Лучше бы он ее убил… Таких Лер надо останавливать сразу как чуму, чтобы никто не пострадал. Теперь поздно. Отпустить девчонку уже не столько трудно, сколько невозможно. Оставить себе, единолично присвоить тоже нельзя - в этом хаосе уже сам дьявол ногу сломит.

- Надо было тебя убить… - Глеб пропахал пятерней от лба до затылка и с плохо скрываемой досадой уронил ладонь на столешницу бара.

Даже не вздрогнула, сидела напротив, как вмерзшая в постамент скульптура и, не моргая, смотрела куда-то сквозь кирпичную кладку за его спиной.

Надо было что-то делать. Не сидеть же как на поминках до утра. Плеснув в стакан со льдом горючего, Глеб сделал крупный глоток, зачерпнул трахеей алкогольный выхлоп и откашлялся.

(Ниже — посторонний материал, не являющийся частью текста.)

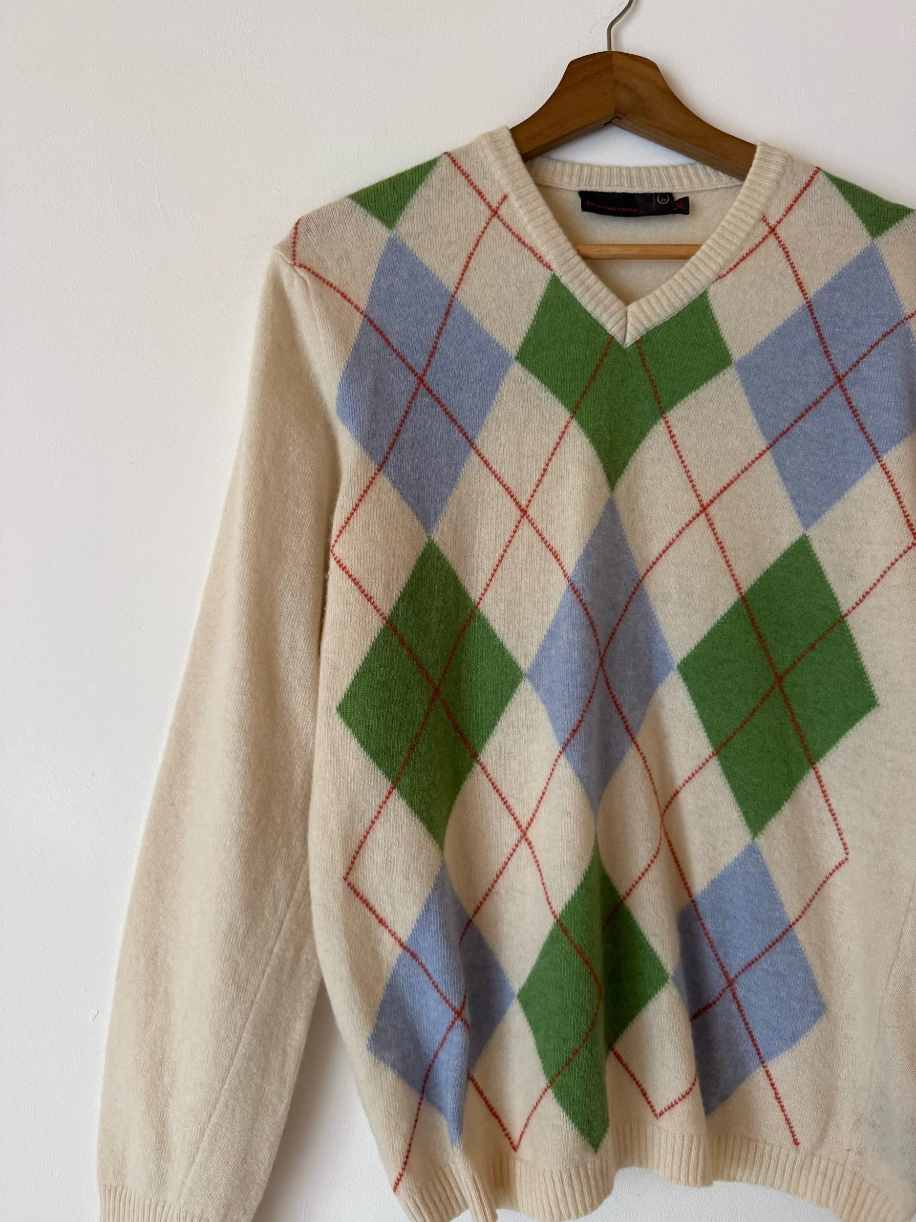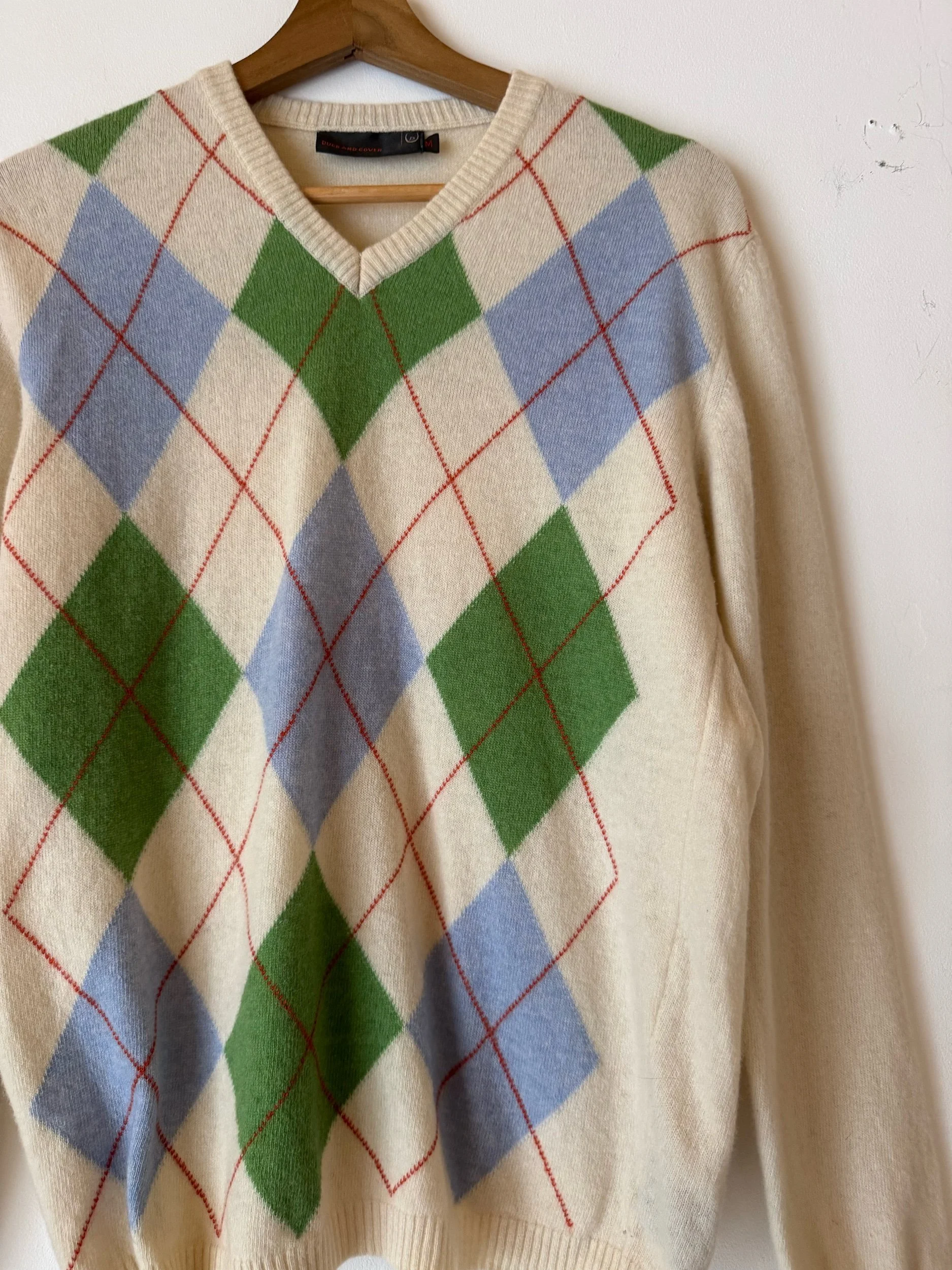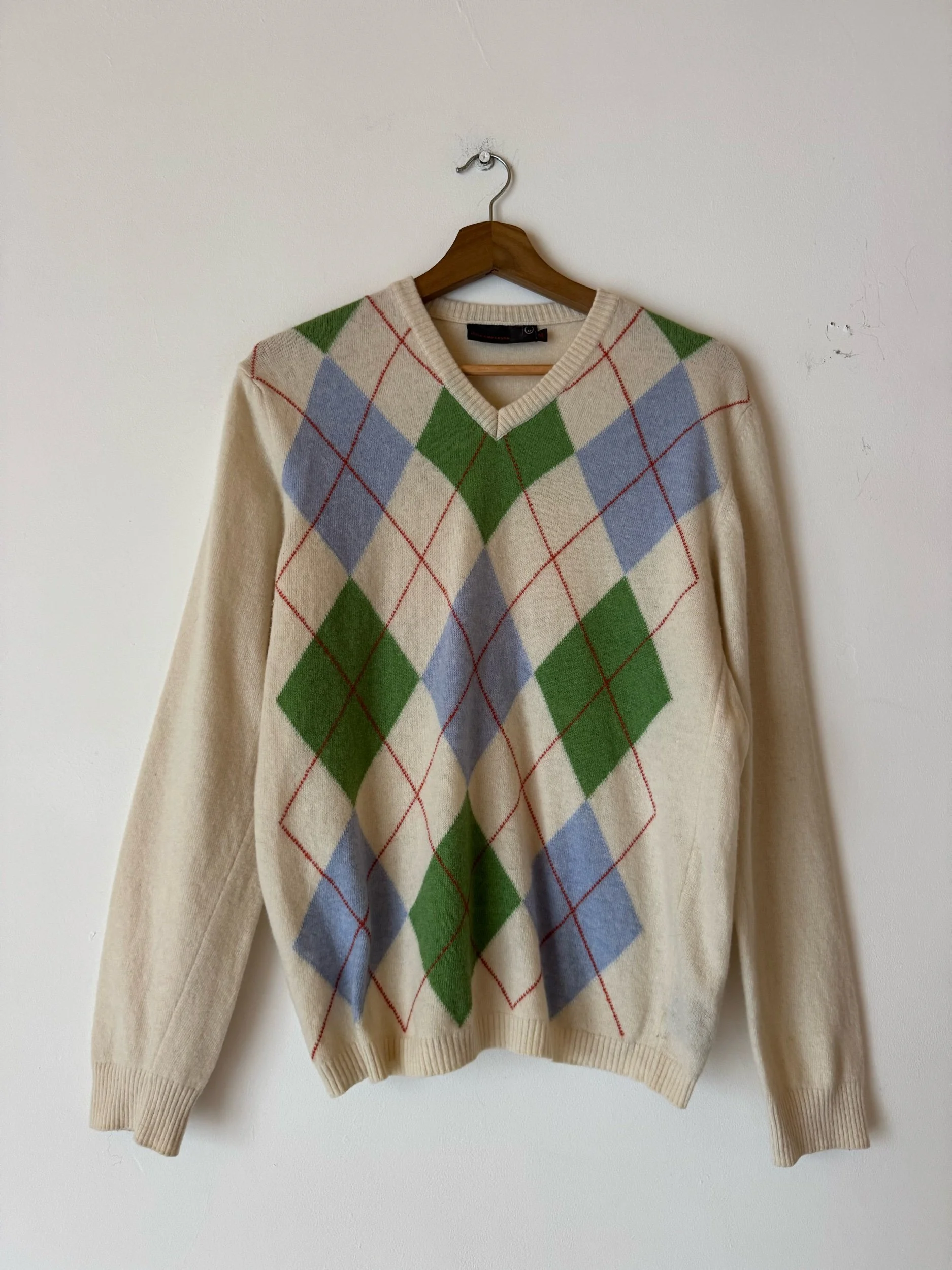 Love the colours on the argyle jumper, it’s super soft and cosy to wear too! Slight V neck and looks fab styled over a collared blouse!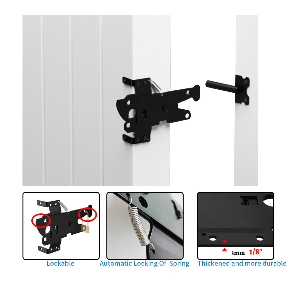 • Multi-Surface Versatility: Secures wood, vinyl, aluminum, and metal gates (Screws upgrade recommended for metal). Ideal for pools, gardens, farms, barns, pet enclosures, decks, and perimeter fencing.
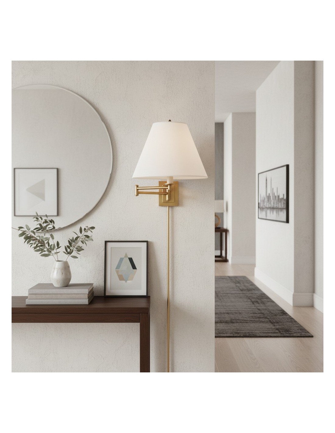 La lámpara de pared Arcuma con brazo giratorio cuenta con un brazo metálico ajustable y una articulación giratoria suave, que proporciona una iluminación omnidireccional de 360° y una iluminación localizada precisa. Ideal para mesitas de noche, rincones de lectura y otros espacios interiores.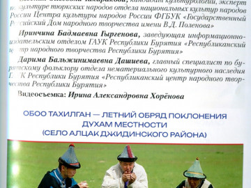 Кроме того, в издании представлены сведения обо всех экспедиционных выездах, которые были проведены в течение первых трех лет (2022–2024 гг.) проекта «Цикл фольклорных экспедиций по выявлению объектов нематериального этнокультурного достояния народов России». Так в Бурятии экспедиции состоялись в июне 2022 г. и октябре 2023 г.
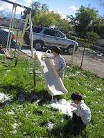Below: kids letting the sleet slide down the slide in balls and clumps.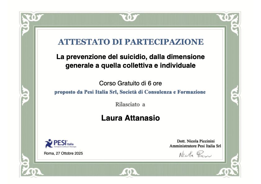 Abbiamo iniziato un percorso con la Dott.ssa Attanasio per alcune preoccupazioni legate a mia figlia e mi sono sentita fin da subito accolta e ascoltata come genitore. Oltre al lavoro svolto con mia figlia, ho apprezzato molto il supporto che ha dato a me. Mi ha aiutata a comprendere meglio la situazione e mi ha fornito strumenti concreti senza mai farmi sentire giudicata. Professionista empatica e competente, la consiglio sinceramente a chi cerca un sostegno serio e rassicurante.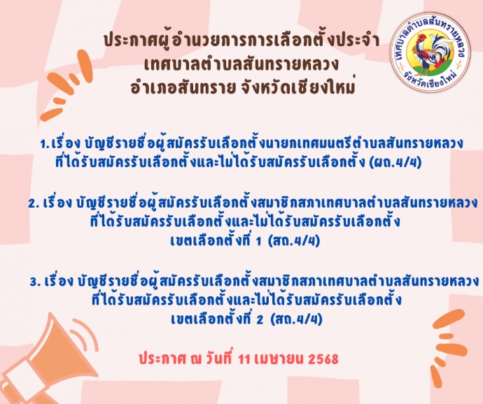 ประกาศผู้อำนวยการการเลือกตั้งประจำเทศบาลตำบลสันทรายหลวง [11/04/2568]
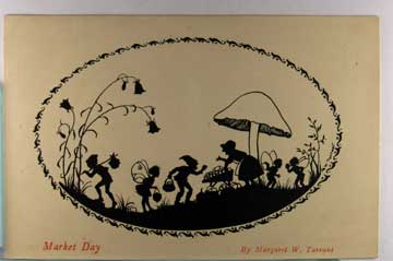 Lot #546. View Larger | Rotate Fantasy Fairies Silhouettes, Art. Sig. Margaret Tarrant, “Market Day” VF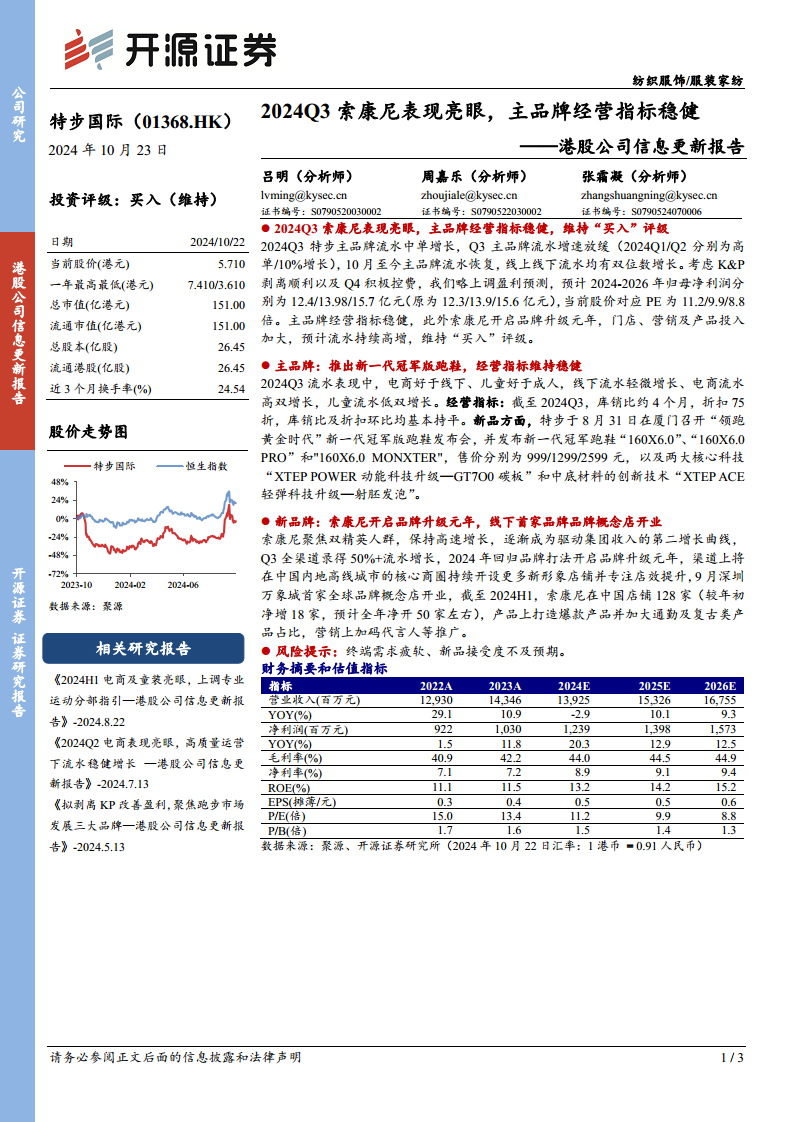 特步国际在2024年第三季度展现出稳健的经营态势,主品牌通过持续的产品创新(如新一代冠军版跑鞋系列)和精细化的运营管理(如稳定的库销比和折扣水平)保持了市场竞争力。与此同时,新品牌索康尼作为集团的第二增长曲线,通过聚焦精英人群、开启品牌升级元年、积极拓展高线城市渠道(如深圳万象城概念店开业)以及加大营销和产品投入,实现了超过50%的流水高速增长。公司整体盈利能力持续增强,分析师上调了未来三年的归母净利润预测,并维持“买入”评级,反映了市场对其未来增长潜力的认可。尽管面临终端需求和新品接受度的潜在风险,特步国际凭借其多品牌战略和稳健的财务表现,展现出积极的发展前景。

Не реагирует, будто она не здесь вообще, а он сам - пустое место. Ладно. Как там? Говори женщине правду, если хочешь чтобы она тебя услышала?

- Ты знала, во что лезешь, Лерочка, - Глеб смахнул остатки виски и, переждав огненный шквал в сосудах, продолжил: - Я бы не смог тебя отпустить, даже если бы захотел. Сама всё понимаешь, не маленькая. Скажи спасибо, что сейчас не девяностые. А потом… Ты когда шла на меня с этим подносом… я уже все для себя решил. Как знал, что вкусно будет. В общем, всё совпало не лучшим для тебя образом. Для меня, кстати, тоже…

Он замолчал. Сознательно избегая негативных коннотаций в речи, наблюдал за девчонкой. Только теперь до неё, как будто, стало доходить, в каком дерьме она оказалась. Словно до этого момента считала, что видит плохой сон. Созревшие в ее глазах крупные капли выкатились и почти симметрично сползли по щекам, оставляя на бледной коже влажные дорожки. Лера моргнула. Впервые за весь его сбивчивый монолог посмотрела на Глеба осознанно, а не как на бездушный кирпич. Вздрогнув, она смущённо опустила голову и тихо шмыгнула.

Вот только этого не надо, девочка! Жалость как признак слабости, как бракованное звено, как гнилое перекрытие в конструкции личности. Не существует ни одного гуманного способа вырезать эту железу, не повредив при том ценных душевных качеств. А Графин избавился от неё ещё в интернате. Так что, бесполезно давить.

Только вот беда - Глеб почувствовал, как на его скулах взбухли желваки, горло до рези сдавило сухим спазмом. Рука сама потянулась расслабить узел галстука, которого на нем не было.

Неразбавленный двойной забурлил под кожей. В голове тупо стукнуло, рот стянуло сухой горечью и сознание от речи отключилось полностью. Он уже не особо подбирал слова, они просто вываливались в обход установленным фильтрам.

- Я… как пацан повелся и сорвался. Даже с риском влететь по полной, взял больше, чем смог унести. Только жилы надорвал от жадности.. цепануло нехило. А ты такая вся, как из другой жизни, никем не юзаная, как спецом для меня.

Глеб налил в свой стакан ещё порцию и столько же во второй, но без льда.

- Да, Лерочка, мечты всегда сбываются. Но не вовремя и не так. А после того номера на столе в моем кабинете у тебя уже не было никаких шансов. Как и у меня... И это того стоило. Ты только этот мой пьяный базар в свою книжку не вставляй…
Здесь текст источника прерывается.